At this early stage of the investigation, Los Angeles County coroner’s assistant Maury Thanatopsis declined to make a definitive identification of the remains until all the results from the tests are in.  Although the skull was found to be wearing a derby with Judge Crater’s name embossed in gold on the headband, Thanatopsis urged caution.  He also refused to comment on the cigar found clenched in the skull’s teeth.  “I know it’s tempting to want to put ‘case closed’ to this matter of the late Judge Crater, but I think we should wait until the coroner finishes the examination,” said Mr. Thanatopsis. 

Mr. Tsimmis told the police he was rooting around his law book section – “I have more law books than the U. S. Supreme Court,” he claimed proudly.  “I was looking for my past due notice from the phone company.  They were going to cut off my phone service.”  He kept turning up bags and boxes of what appeared to be human remains and, with several other bits and pieces he found over the years and which he had stashed in the rest room, he was able to assemble a nearly complete human skeleton. 

His first thought was that the bones belonged to the deceased from whose family he had bought an enormous collection of miscellaneous books back in 1960.  But that party had been a woman, and the presence of the bowler hat on the skull kicked that notion into a…well, into a tipped hat.

After several hours of questioning, Tsimmis was released.  He had never been a suspect in the death of Judge Crater. 

Outside Hollywood Police Station, Tsimmis seemed very agitated about the bones.  “They’re mine,” he said.  “I want them back.  I think I’ll set them out on display in a corner of the store.  Maybe call it the Judge Crater Reading Room.  That’ll be a nice memorial, don’t you think?”

[Note:  although the photo that accompanied this story is missing, printed below is the caption that appeared under it.]

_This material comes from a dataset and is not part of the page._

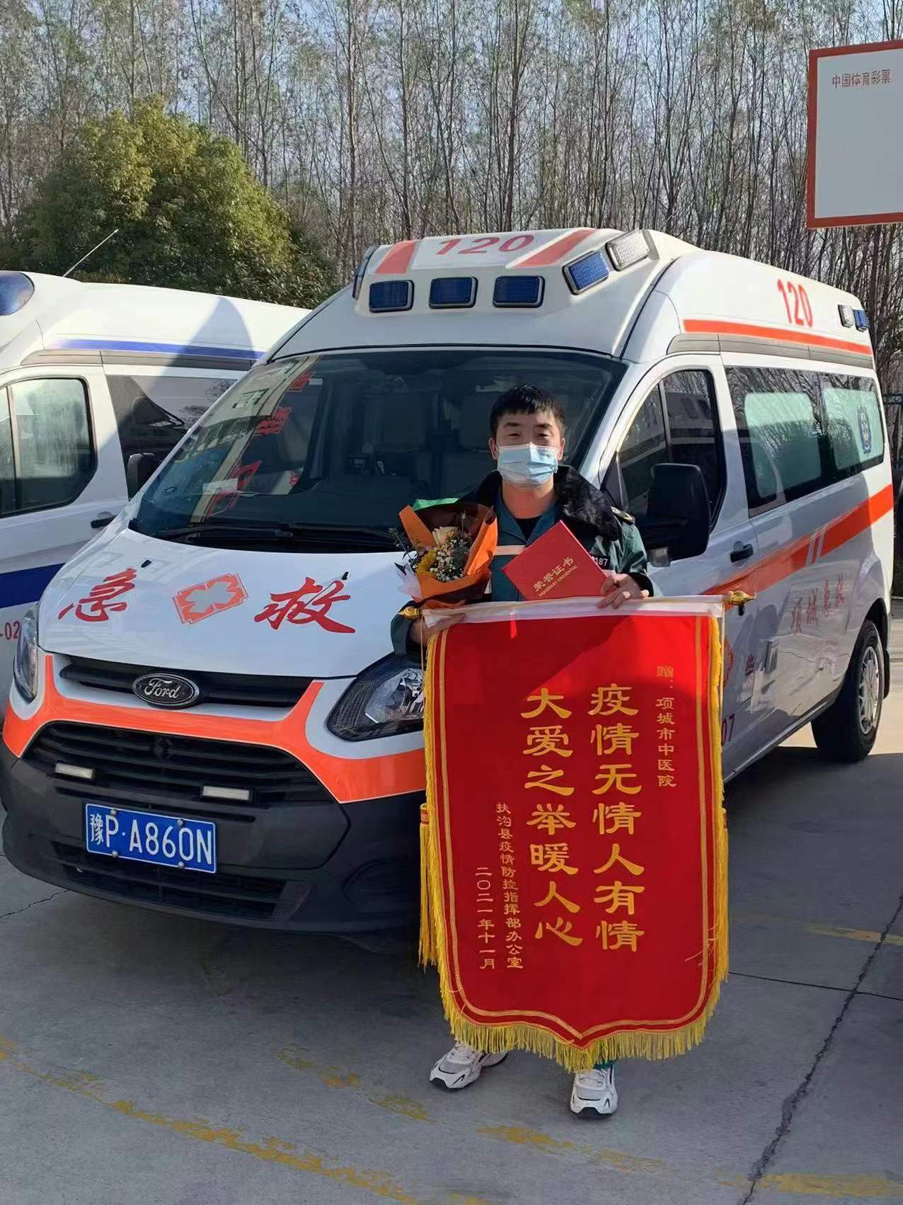 疫情就是戰(zhàn)場。新冠肺炎疫情發(fā)生以來,項(xiàng)城市中醫(yī)院急救120按照抗擊新冠肺炎疫情的工作需要,專門安排一輛負(fù)壓救護(hù)車,負(fù)責(zé)接診轉(zhuǎn)運(yùn)全縣區(qū)域范圍內(nèi)發(fā)熱病人、疑似病人或確診病人密切接觸人員。防疫期間,靳富壘大部分時(shí)間都奔波在路上,把一批又一批患者送到醫(yī)院。沒有上下班時(shí)間,有時(shí)半夜睡得正酣一個(gè)電話就得立刻出發(fā),有時(shí)送完患者回來只能吃一桶泡面,在車上“歪”幾分鐘。

Caption under photo:  Bookstore owner Mickey Tsimmis (flanked by detectives Hamilton Smegna and Dick Sideways) smiles broadly at all the attention he’s receiving while being led into Hollywood Police Station for questioning.

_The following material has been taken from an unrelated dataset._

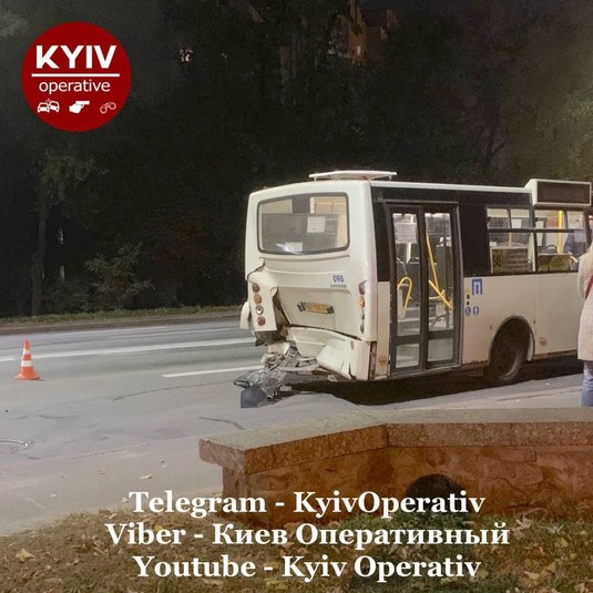 У суботу, 16 жовтня, у Києві на Харківському шосе на великій швидкості водій легковика влетів у задню частину маршрутки. Про це повідомили очевидці у Telegram-каналі «Київ оперативний».

Editor's Note: Molto Tsouris: My Life With Mickey Tsimmis, will continue after Mr. Herr pieces together more note-scraps kept filed away in empty boxes of Honey Bunches of Oats ("The Breakfast Cereal That Loves You Back!") and Cheez-Its ("Real Cheese Matters." And at Booktryst real cheesy matters a lot, though not as acutely as at the Megalopolis Book Shop, where Mickey Tsimmis liberally cuts the Limburger, daily and often).